Anaphase is the shortest phase of mitosis. The beginning of anaphase is observed microscopically when the synapsed sister-chromatids separate simultaneously, and begin migrating to the opposite cellular poles. During anaphase, longer chromosomes often appear V-shaped or J-shaped, as if the chromosomes were being dragged by their centromeres, with the arms lagging behind.

Anaphase results in two compact bundles of chromosomes at opposite poles of the parent cell.

 
Early anaphase


Late Anaphase


Images from Yaping Wang and Brian Fristensky, University of Manitoba.
  
kinetochore fibers
- spindles attached to kinetochore
.

polar fibers - spindles interdigitated with spindles from opposite poles.
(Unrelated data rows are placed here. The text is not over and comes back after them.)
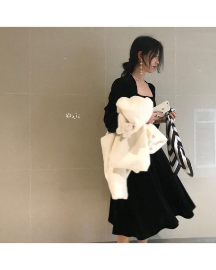 ブラックドレス スタイルオータムカラーウェストスカート 秋物 スクウェア 香港の味4254667709
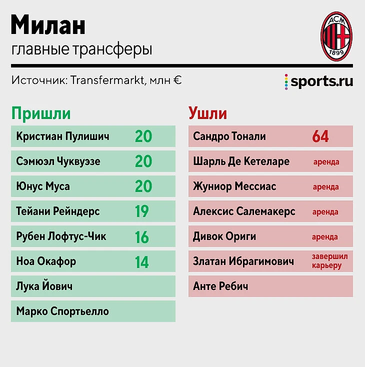 Каким получилось трансферное окно: сильным. Миланцы достигли почти всех целей. Подвела только позиция правого защитника: клуб снова вошел в сезон с двумя травматичными игроками – сложно поверить, что ни разу не возникнет ситуация, когда Флоренци и Калабрия одновременно окажутся недоступны. Понятно, что есть Калулу, но он сильнее в центре.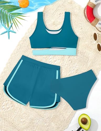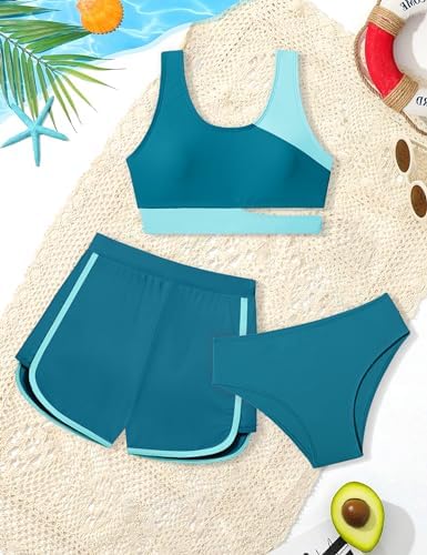 女孩泳衣比基尼套装,3 件套女孩泳衣拼色镂空泳装,带短裤尺码 7-16

1. Poleward movement of chromosomes (anaphase A) is powered by microtubule depolymerization.

Begins with a splitting of the kinetochore, releasing the tension and allowing chromosomes to "dangle" at the ends of their respective spindles.  Depolymerazition of microtubules at the kinetochores causes sister chromatids separate into independent chromosomes.  Depolymerization provides energy for chromosome movement.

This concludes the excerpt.